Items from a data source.
◇ ◇ ◇

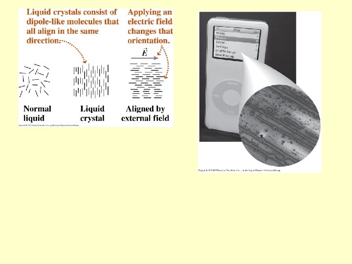 Dielectrics Molecular dipoles in a dielectric align with the external field and reduce the net field within the dielectric Applications (see p 340): microwave cooking and liquid crystals
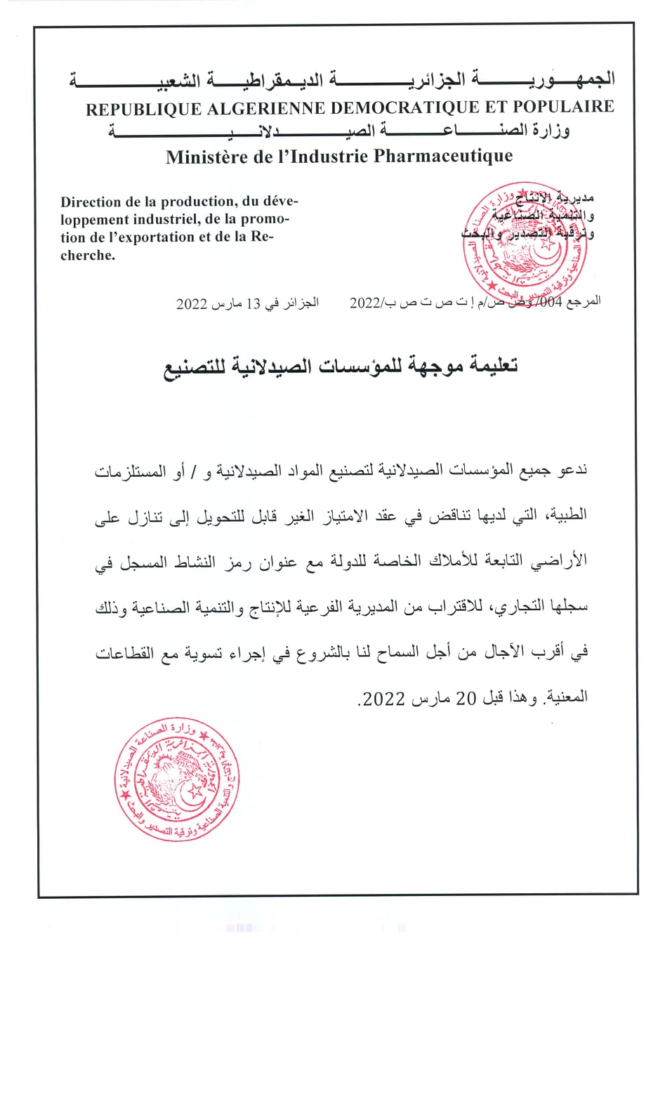 • تعليمة موجهة للمؤسسات الصيدلانية للتصنيع
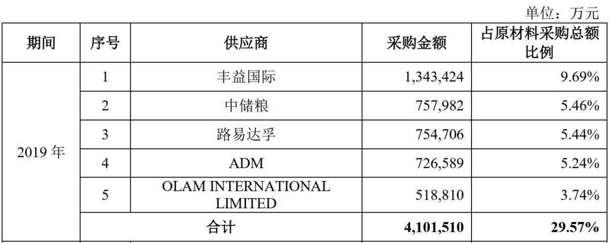 从供应商来看,2019年金龙鱼的前五大供应商如下:
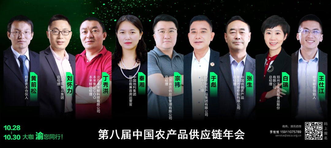 11:00-12:30 | 【圓桌對話】順勢聚力,時代機遇下農產品供應鏈發展新趨勢 主持嘉賓:秦玉鳴,中國物流與采購聯合會農產品供應鏈分會秘書長 對話嘉賓: 楊芳,新希望集團有限公司領導小組成員、浙江前程投資股份有限公司董事長 白瑞,鄭州千味央廚食品股份有限公司總經理 張生,中國供銷農產品批發市場控股有限公司總經理 于彪,望家歡農產品集團有限公司董事總經理 張奕,叮咚買菜副總裁 劉懷力,蘇寧零售云集團總經理 常希光,北京市裕農優質農產品種植有限公司總經理 |
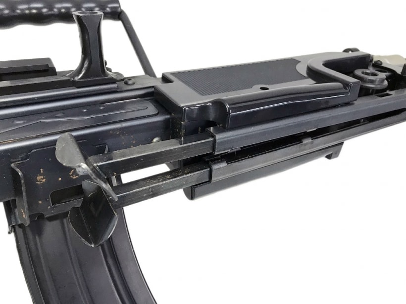 ほとんどのパーツが金属性でできており剛性は十分で、実銃同様かなり重く作られている。
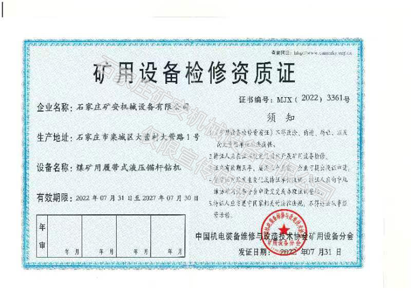 石家莊礦安機械設備有限公司成立于2011年3月,公司位于風景優(yōu)美、科技發(fā)達、交通便利的石家莊市欒城區,是一家專注生產煤礦井下支護機具(錨桿鉆機)和安全鉆機(防突,架柱等)及氣動隔膜泵等礦用機械設備的********,是國內煤礦機械裝備的生產商和服務商,根據用戶需求提供井下適用的鉆機施工解決方案。公司致力于打造研發(fā)、制造、銷售、服務為一體的現代化企業(yè),全心全意為煤礦生產保駕護航。 ? 公司建有裝配車間、機加車間和調試車間,擁有嚴格的質量控制體系、先進的產品開發(fā)系統、完善的試驗檢測設施、良好的售后服務保障。先后與中煤科工集團沈陽研究院、西安研究院、太原理工大學、燕山大學等知名院校建立了緊密的合作關系。 ? 公司產品主要銷往山西、陜西、山東、內蒙古、黑龍江、云南、貴州等七十多個礦區和地方煤礦,擁有一支成熟的售后技術團隊,并且和中煤集團、華電煤業(yè)集團、華潤煤業(yè)集團、潞安集團、山西焦煤、淮北礦業(yè)等國內知名企業(yè)達成長期合作關系。 ? 公司始終秉持“讓煤礦生產更安全”的發(fā)展使命,力求誠信與創(chuàng)新,追求卓越與完美,深知“實實在在、心無旁騖做實業(yè)”,這才是本分!石家莊礦安機械設備有限公司愿與您攜手共進,共同發(fā)展!為客戶創(chuàng)造價值,提供優(yōu)質的產品和*佳的服務是我們永無止境的理念!
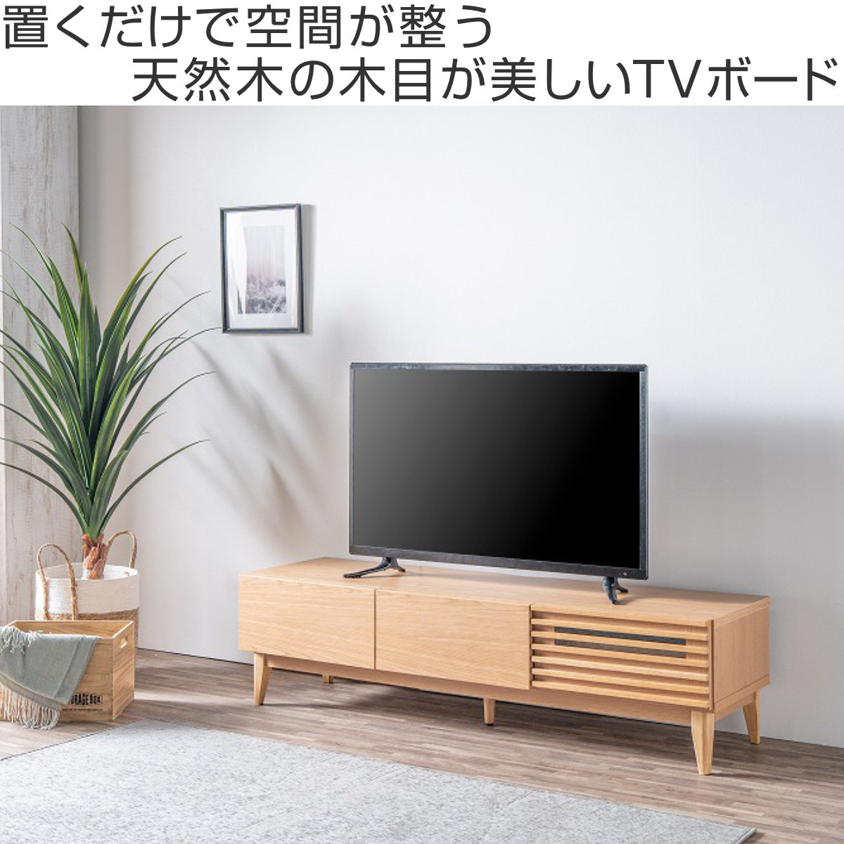 テレビ台 ローボード 幅149.2cm ルーバー おしゃれ お掃除ロボット対応 引き出し ( TV台 テレビボード 棚 リモコン操作可能 天然木突板 リビングボード 収納 家具 フルスライドレール ナチュラル )
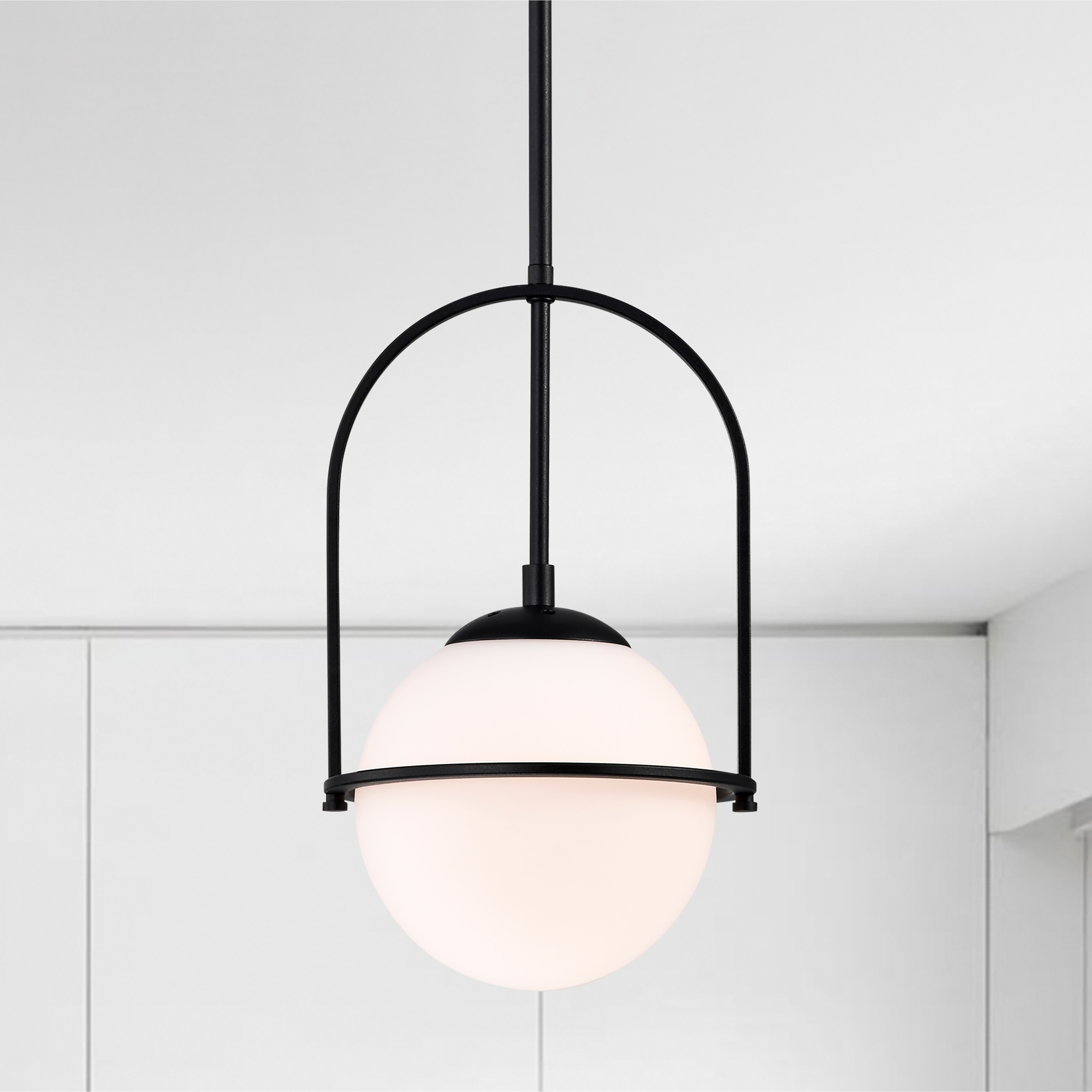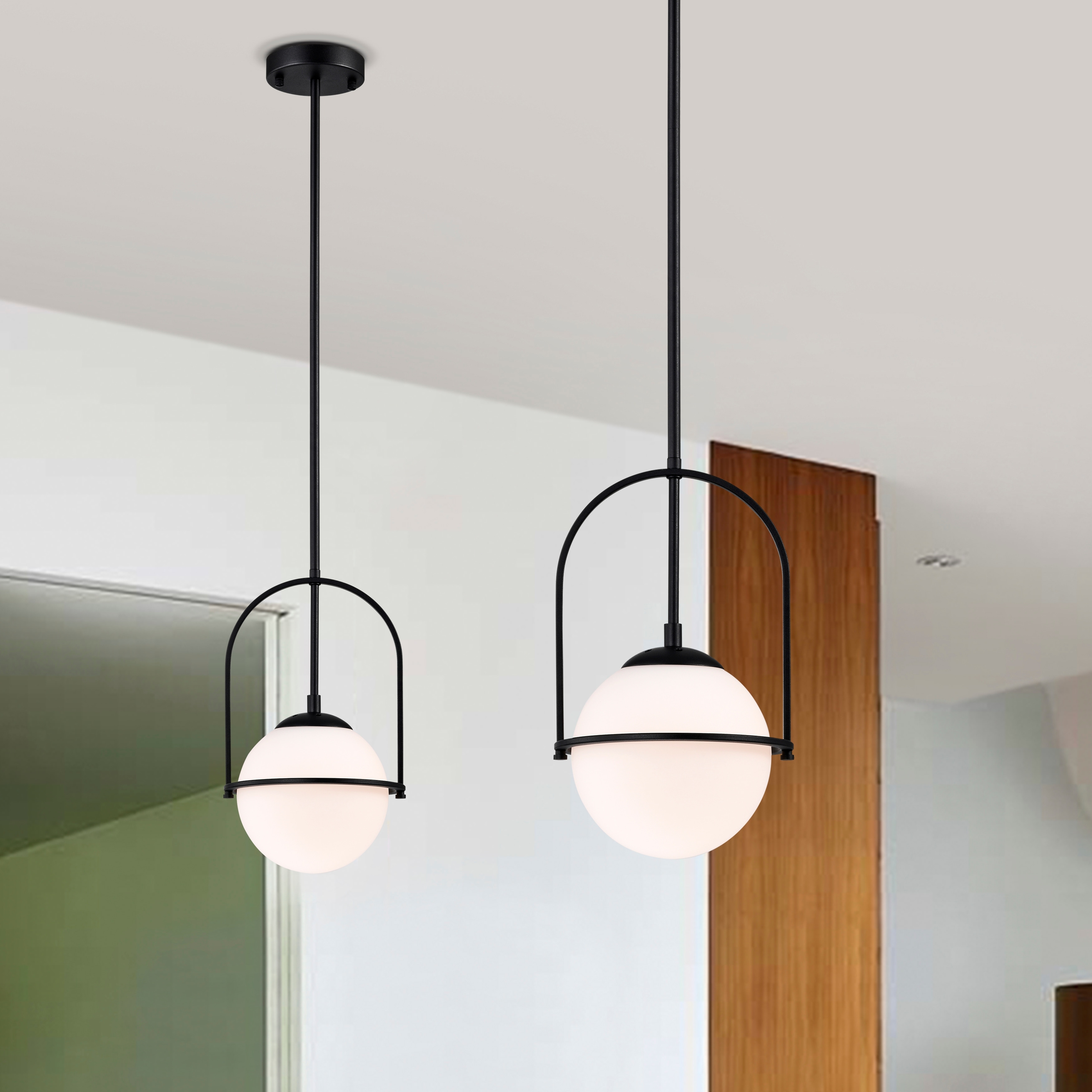 YANSUN 60-Watt 1-Light Straight Black Globe Pendant Light Modern Mid-century Hanging Light with White Frosted Glass Shade
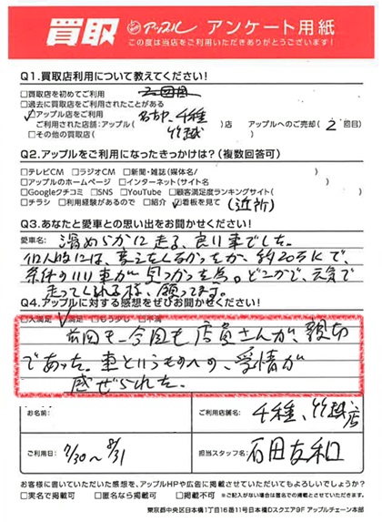 お車のご相談・ 査定だけでもOK! カンタン 入力 30秒 アップルがブランド買取始めました! お電話でも受付中! 受付時間9:30~18:30 052-711-8400 お車のご相談・ 査定だけでもOK! カンタン 入力 30秒 アップルがブランド買取始めました! お電話でも受付中! 受付時間9:30~18:30 052-711-8400 アップルがブランド買取始めました! お電話でも受付中! 受付時間9:30~18:30 052-711-8400 店舗情報 在庫車 スタッフ紹介 ブログ お客様の声 キャンペーン 無料査定 click お客様の声 ご記入日: 2023/07/30 A様 車名:日産 キャラバン 満足度★★★★前回も今回も、店員さんが親切であった。車というものへの愛情が感ぜられた。 前へ 次へ お客様の声一覧を見る
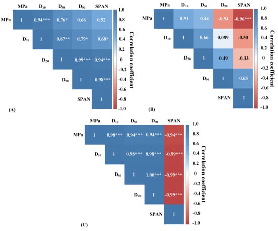 Pearson’s bivariate correlation analysis between particle size distribution values (D10, D50, D90, and span) and UHPH pressure level (MPa) for powders produced via CCSD (A), MXSD (B), and FD (C). Output numbers represent the correlation coefficients. The starts represent the p-value of the correlations: * p < 0.05, ** p < 0.01, *** p < 0.001.
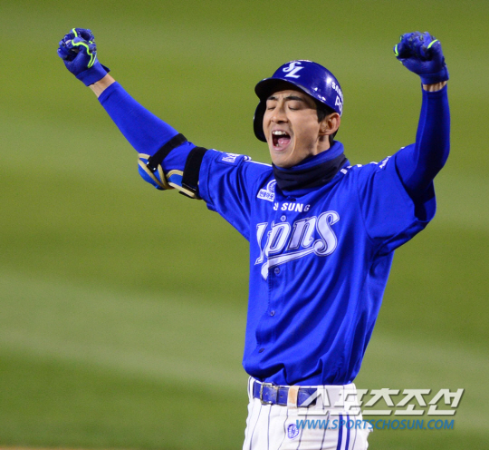 ◇구자욱이 이승엽의 길을 따라 걷는다면 메이저리거가 꿈만은 아니다. 2015 프로야구 한국시리즈 4차전 삼성과 두산의 경기. 2회초 2사 2,3루서 삼성 구자욱이 2타점 적시타를 친 후 환호하고 있다. 잠실=김경민 기자 kyungmin@sportschosun.com / 2015.10.30. |
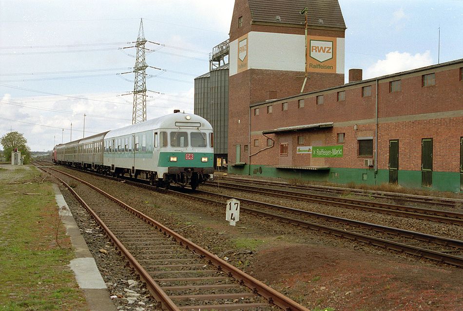 Blick auf einfahrenden Zug aus Euskirchen in den Bahnhof Meckenheim am 10.04.1994

◇ ◇ ◇

Work required.
Set down the records above word for word, from the first line through the line containing "YANSUN 60-Watt 1-Light", both included; leave out the pictures.

Task response.
 Dielectrics Molecular dipoles in a dielectric align with the external field and reduce the net field within the dielectric Applications (see p 340): microwave cooking and liquid crystals
 • تعليمة موجهة للمؤسسات الصيدلانية للتصنيع
 从供应商来看,2019年金龙鱼的前五大供应商如下:
 11:00-12:30 | 【圓桌對話】順勢聚力,時代機遇下農產品供應鏈發展新趨勢 主持嘉賓:秦玉鳴,中國物流與采購聯合會農產品供應鏈分會秘書長 對話嘉賓: 楊芳,新希望集團有限公司領導小組成員、浙江前程投資股份有限公司董事長 白瑞,鄭州千味央廚食品股份有限公司總經理 張生,中國供銷農產品批發市場控股有限公司總經理 于彪,望家歡農產品集團有限公司董事總經理 張奕,叮咚買菜副總裁 劉懷力,蘇寧零售云集團總經理 常希光,北京市裕農優質農產品種植有限公司總經理 |
 ほとんどのパーツが金属性でできており剛性は十分で、実銃同様かなり重く作られている。
 石家莊礦安機械設備有限公司成立于2011年3月,公司位于風景優(yōu)美、科技發(fā)達、交通便利的石家莊市欒城區,是一家專注生產煤礦井下支護機具(錨桿鉆機)和安全鉆機(防突,架柱等)及氣動隔膜泵等礦用機械設備的********,是國內煤礦機械裝備的生產商和服務商,根據用戶需求提供井下適用的鉆機施工解決方案。公司致力于打造研發(fā)、制造、銷售、服務為一體的現代化企業(yè),全心全意為煤礦生產保駕護航。 ? 公司建有裝配車間、機加車間和調試車間,擁有嚴格的質量控制體系、先進的產品開發(fā)系統、完善的試驗檢測設施、良好的售后服務保障。先后與中煤科工集團沈陽研究院、西安研究院、太原理工大學、燕山大學等知名院校建立了緊密的合作關系。 ? 公司產品主要銷往山西、陜西、山東、內蒙古、黑龍江、云南、貴州等七十多個礦區和地方煤礦,擁有一支成熟的售后技術團隊,并且和中煤集團、華電煤業(yè)集團、華潤煤業(yè)集團、潞安集團、山西焦煤、淮北礦業(yè)等國內知名企業(yè)達成長期合作關系。 ? 公司始終秉持“讓煤礦生產更安全”的發(fā)展使命,力求誠信與創(chuàng)新,追求卓越與完美,深知“實實在在、心無旁騖做實業(yè)”,這才是本分!石家莊礦安機械設備有限公司愿與您攜手共進,共同發(fā)展!為客戶創(chuàng)造價值,提供優(yōu)質的產品和*佳的服務是我們永無止境的理念!
 テレビ台 ローボード 幅149.2cm ルーバー おしゃれ お掃除ロボット対応 引き出し ( TV台 テレビボード 棚 リモコン操作可能 天然木突板 リビングボード 収納 家具 フルスライドレール ナチュラル )
 YANSUN 60-Watt 1-Light Straight Black Globe Pendant Light Modern Mid-century Hanging Light with White Frosted Glass Shade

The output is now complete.